Laboratory of Molecular and Ecological Physiology

Institutional research project #0126-2016-0001: «Molecular and cellular mechanisms of stress-resistant development and productivity in Embryophyte taxa with contrasting evolutionary history» (2017–2022). Project leader: Olga V. Voitsekhovskaja

The diversity of land plants (Embryophyta), including both ancient and recently emerged taxa, displays a large spectrum of adaptations to highly contrasting ecological and climatic conditions, representing the conditions that prevailed when and where these taxa evolved. These adaptations confer tolerance of a number of stresses while enabling plants to achieve high productivity under these conditions.

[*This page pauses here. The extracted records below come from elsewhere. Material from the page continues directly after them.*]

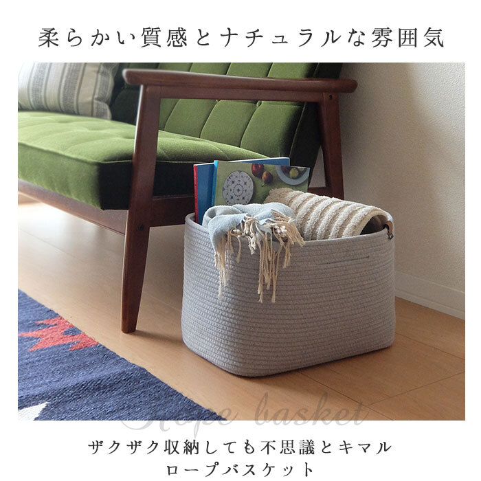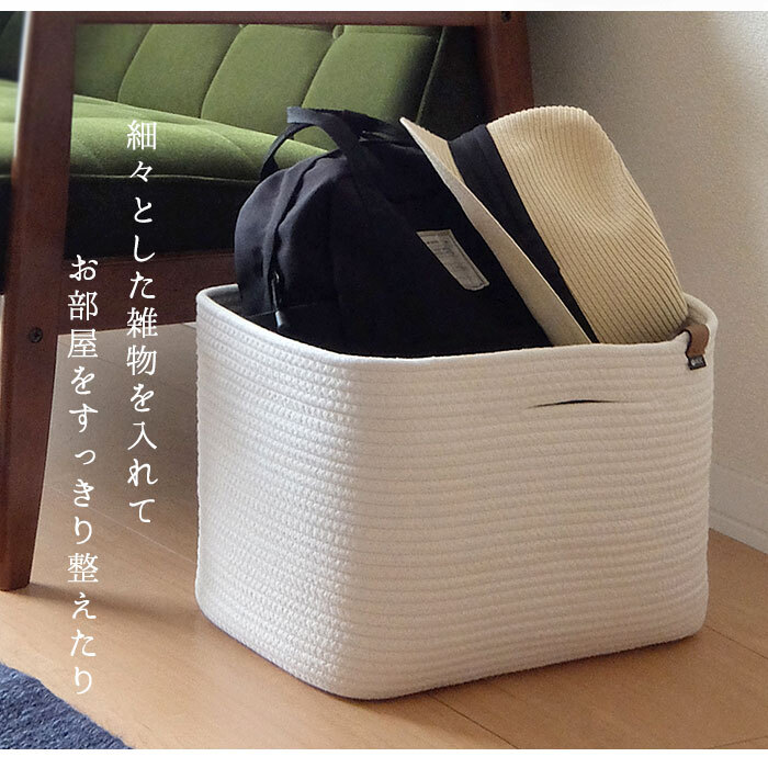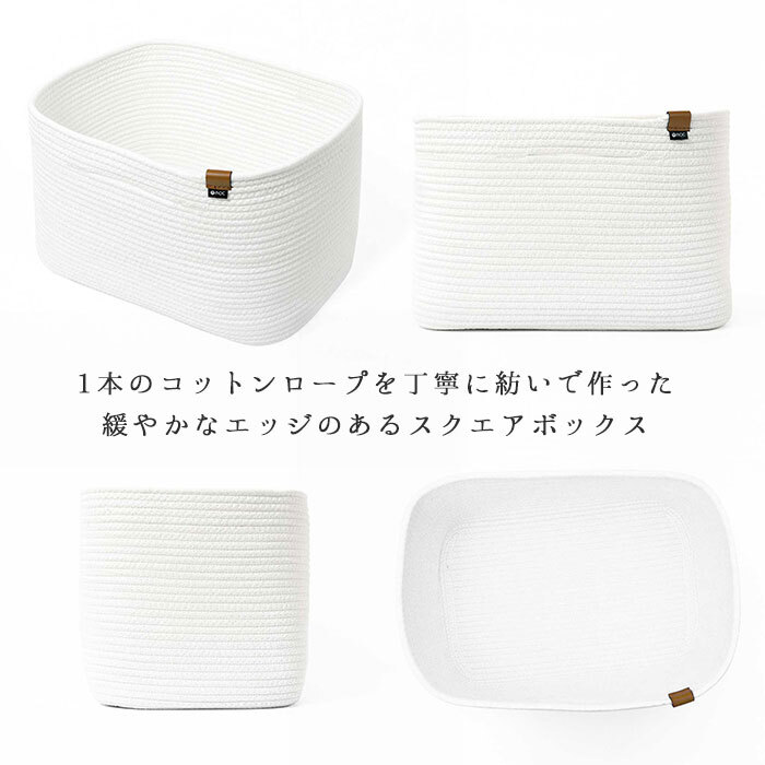| 商品説明 | ・1本のコットンロープを丁寧に紡いで形づくられた曲線のラインが優しい、モダンクラシカルな「rope square box」が発売。 ・緩やかなエッジのあるスクエアボックス。ブラウンの本革のタグがアクセントになって、インテリアに上品で優しい印象をプラス。 ・タオルや衣類を置くサニタリーバスケット、お子様用のトイバスケットなど、使い方は自分次第! ・シェルフやカラーボックスにもフィットするサイズ感で、複数使いもおすすめ。 ・ソファ横などに置いてブランケットを入れておく等、カフェ風スタイルを楽しむこともできるアイテム♪ ・コットンロープを重ね合わせて作られた優しい肌触りのバスケットだから、物や床に傷を付ける心配なく使えるのがうれしい。 |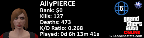 <a href="http://GTAonlinestats.com/showplayer/AllyPIERCE/2"><img src="http://GTAonlinestats.com/signature/AllyPIERCE/2/sig.png" alt="AllyPIERCE" border="0" /></a>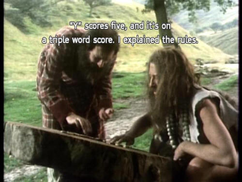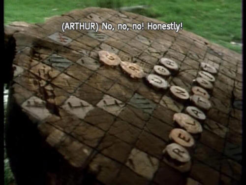 [Manager] Strange chap. What about those documentary things? [Captain] Just time for another bath! [Captain] Sponge, somebody! [Arthur] No, no, no! Honestly! [Arthur] "Y" scores five, and it's on a triple word score. I explained the rules. |
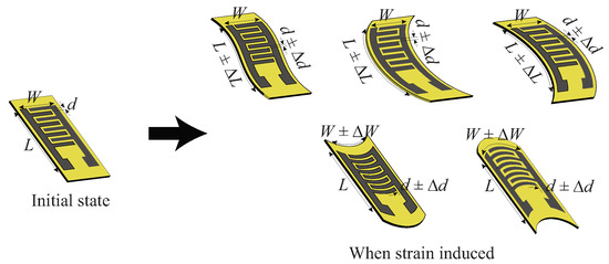 Another sensing mechanism of the sensor heavily relies on the dependency between the sensor geometry (length (L), width (W), and gap between interdigitated fingers (d)) and its electrical properties. Due to its flexible nature, any strain induced on the sensor leads to the change in its overall dimensions (, , ) as compared to its initial state. This is illustrated in Figure 6 showing a wide range of deformations possibly happen to the sensor. For instance, when the sensor is uniaxially bent, it is elongated in the length or width direction of the sensor which consequently changes the gap between the fingers in either direction, and hence the overall capacitance of the sensor. Such deformations concurrently affect the distribution of the graphene over the substrate, which contributes to the change in the resistance of the sensor. Consequently, the total impedance (Z) of the sensor changes, through which, therefore, strain can be sensed and quantified. In this work, we reported the sensor response in terms of magnitude of the complex total impedance ().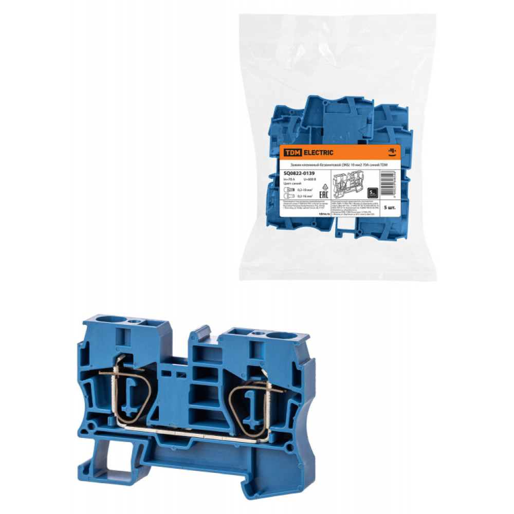 Зажим клеммный безвинтовой (ЗКБ) 10мм2 70А синий SQ0822-0139, Клемма на DIN-рейку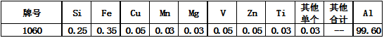 产品介绍 1060铝板含铝量达99.6%,又被称为纯铝板,1060铝板具有良好的延伸率以及抗拉强度,完全能够满足常规的加工要求(冲压,拉伸)成型性高,1060热轧铝板被广泛应用于母线、灯具、标牌、幕墙、保温等领域;而1060热轧料0.1mm厚度的铝板卷则被应用于汽车配件中(如:动力电池软连接)。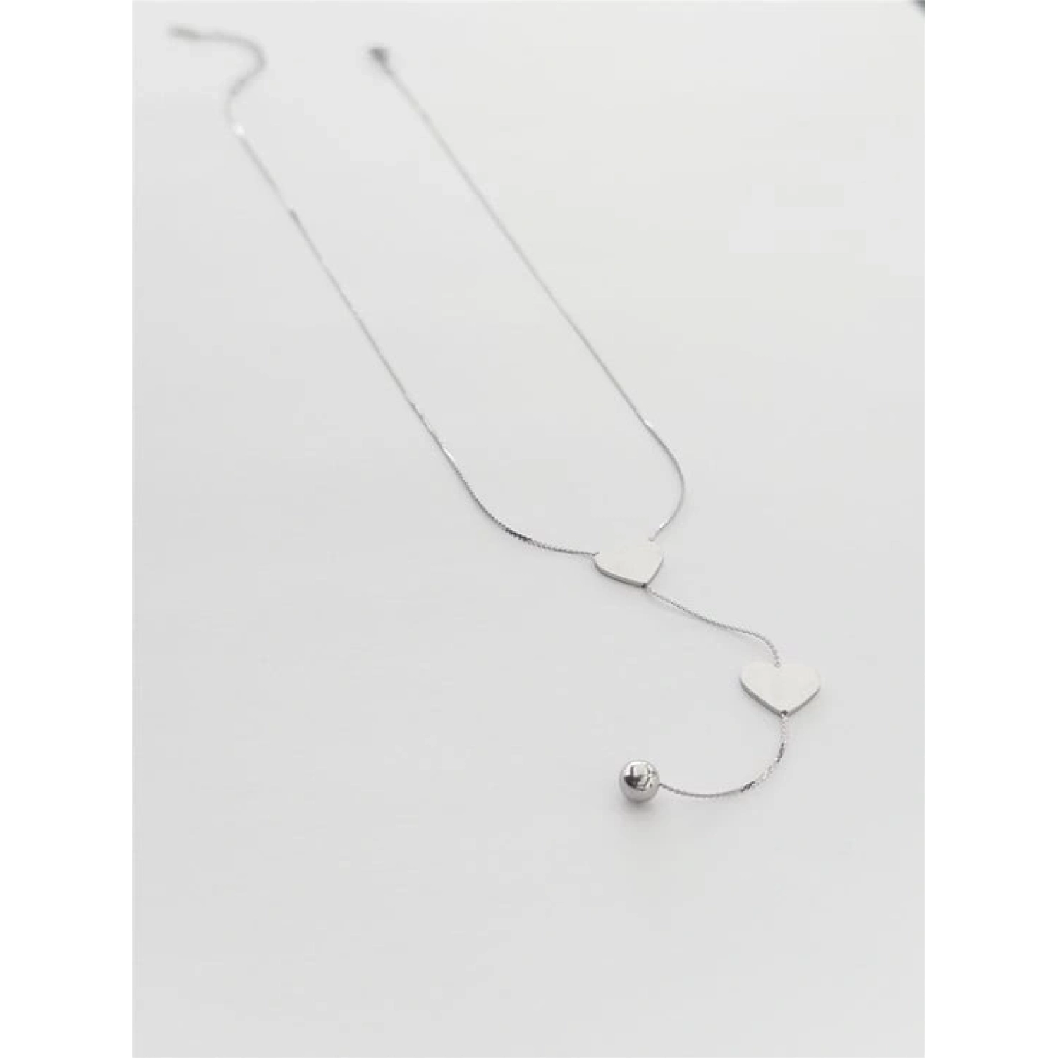 قلادة من ستانلس ستيل عالي الجودة - 45 سم - باللون الفضي مع تعليقة قلوب باللون الفضي

Studies on representative species from a range of the embryophyte taxa should pave the way to reveal and characterize the regulatory genes, enzymes and other molecular and cellular components underlying these adaptations, leading to an in depth understanding of the mechanisms conferring stress resistance and high productivity.

The importance of this research lies in the fact that currently, studies of representatives of land plant taxa other than angiosperms by methods of molecular and cell biology are lagging behind studies of angiosperm model plants. However, the development of next generation sequencing as well as progress in genomic sequencing, meanwhile allow widening the spectrum of model plants to be studied using tools of molecular and cell biology. Within the project, we use transcriptomics, bioinformatic methods, gene cloning and cell-specific localization of gene expression by in situ RNA-RNA hybridization, as well as other methods of molecular and cell biology. The results will help to understand the evolution of morphogenesis, the adaptation of photosynthesis to different ecological conditions, and regulatory pathways of signal perception and transduction in land plants.